Senior conservation officers Alex Head, left, and Dustin Masin look at a bird hunter’s pheasant at an Oct. 22, 2016, check station in the Bennett Hills.

BOISE — Check stations are an opportunity for Idaho Department of Fish and Game staff to talk to thousands of hunters and see thousands of harvested animals. The goal is to get needed information, answer questions and get you on your way quickly.

Here are a few reminders to make your check station visit pleasant, quick and efficient:

If you have harvested game: Fish and Game staff will want to look at the animal, your license and your tag. It will save you and everyone’s time if the animal is easily accessible. It takes a few minutes to collect all the needed data, so feel free to shut off your vehicle and step out to stretch your legs.

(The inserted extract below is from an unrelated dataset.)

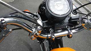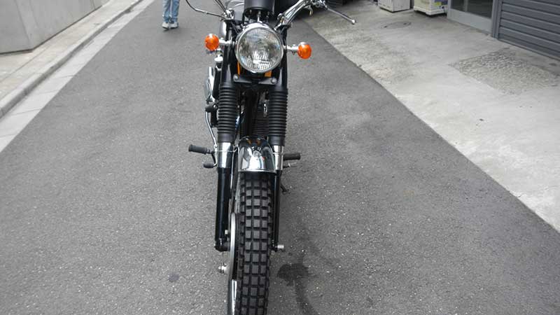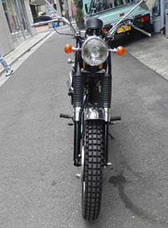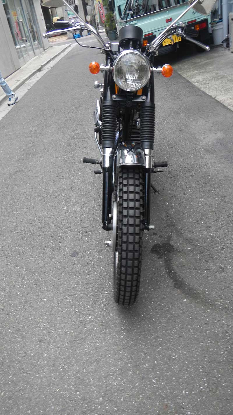 正面 アップハンドルにキャラメルタイヤはエンデューロらしい |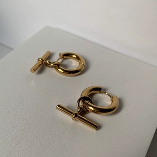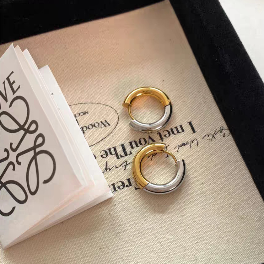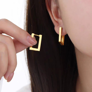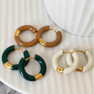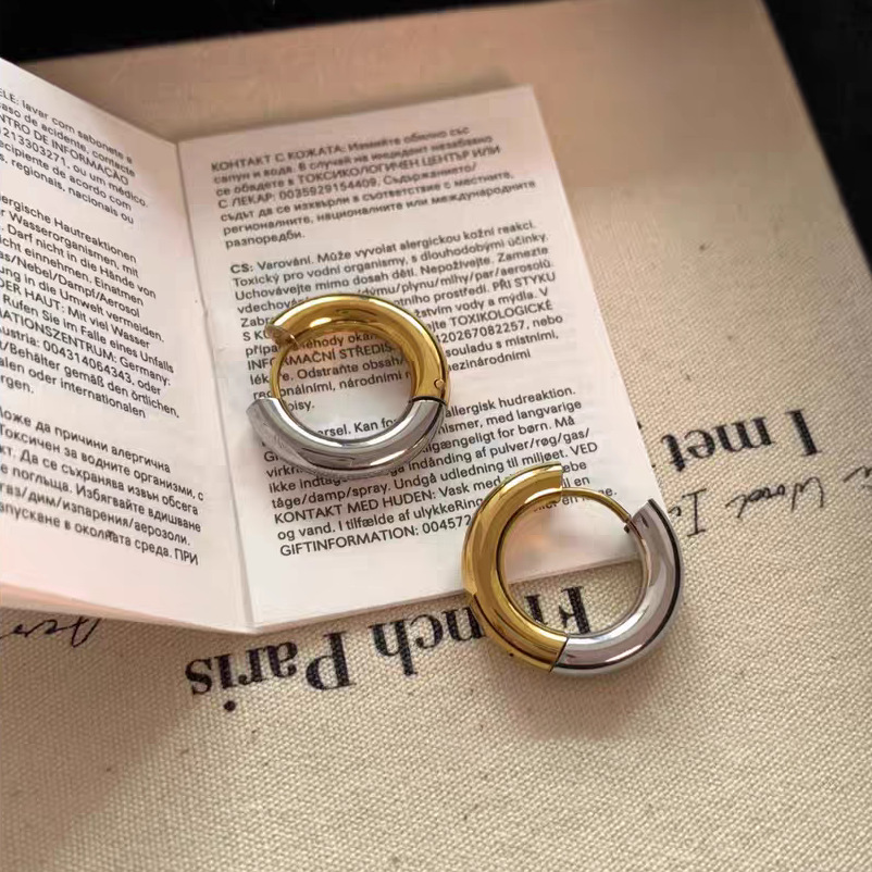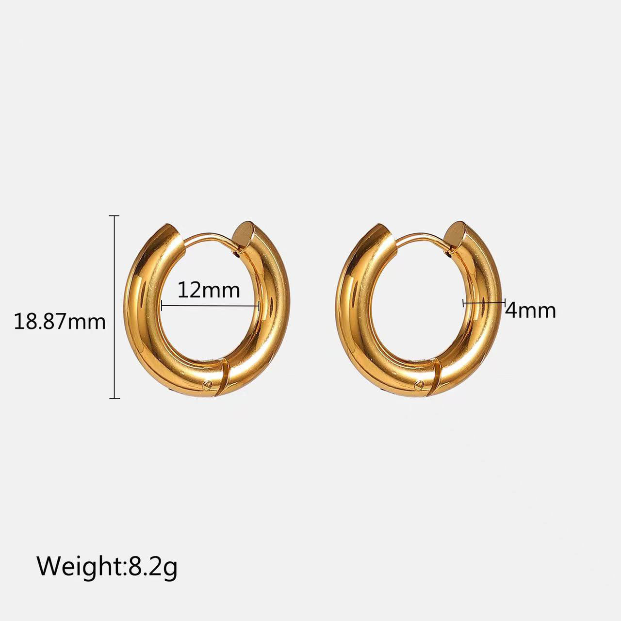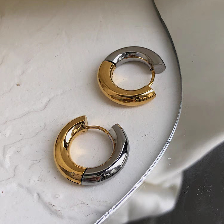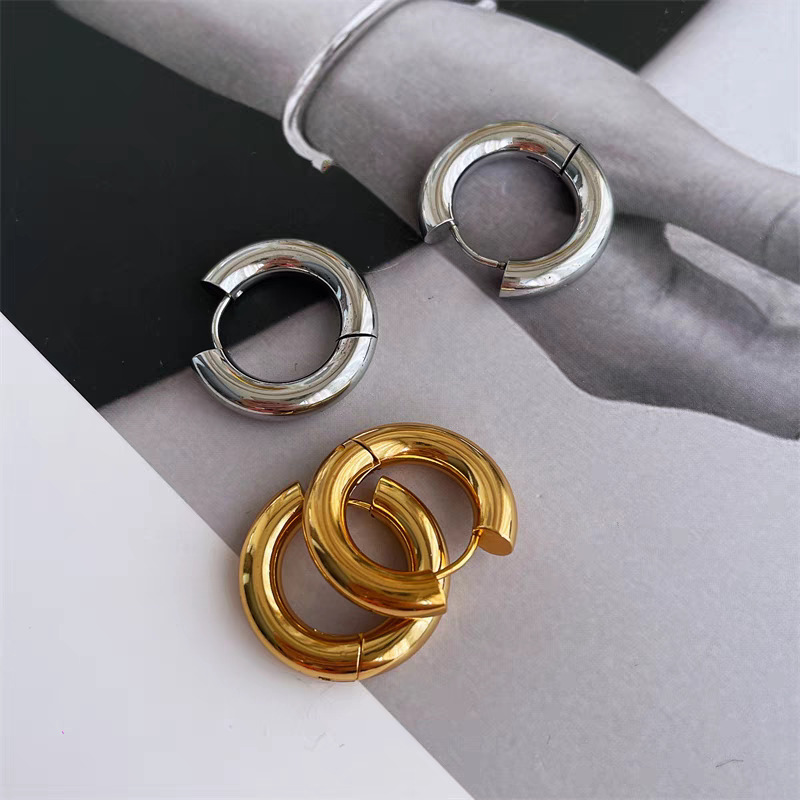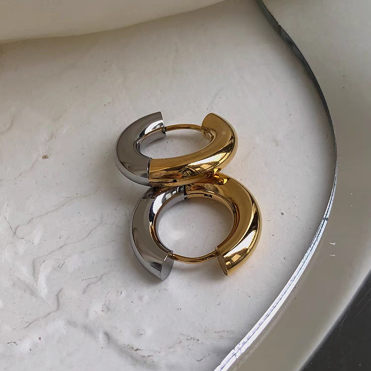 European and American INS style 4mm thick simple 18k gold plated stainless steel circle earrings simple gold plated men's and women's ear buckle

Many check stations are management stations where the main goal is to collect data from harvested animals. However, staff also pays attention to any visible rule violations. Here are some common mistakes to avoid:

  • Failure to keep evidence of sex — Even in either-sex hunts, the head or other evidence of sex needs to be naturally attached to the carcass until you get it home. In hunts with point restrictions, the antlers must accompany the carcass.
  • Failure to properly validate your tag — Make sure the notches for the correct day and month are fully removed from your tag immediately after you harvest the animal. The tag must be attached to the largest part of the carcass.
  • Failure to have a proxy statement that was issued with your tag — If you’re transporting game for someone else, you must have a proxy statement. Proxy statements are available on page 102 in the Big Game Seasons and Rules book, along with other important rules. Go to
  • In seasons restricted to mule deer or white-tail deer only, proof of species must remain naturally attached. If you remove the head, you must leave the fully-haired tail attached.

Use caution when pulling into and out of a check station. Keep an eye out for hunters and staff walking around the station, and be careful if you are pulling out onto a busy highway.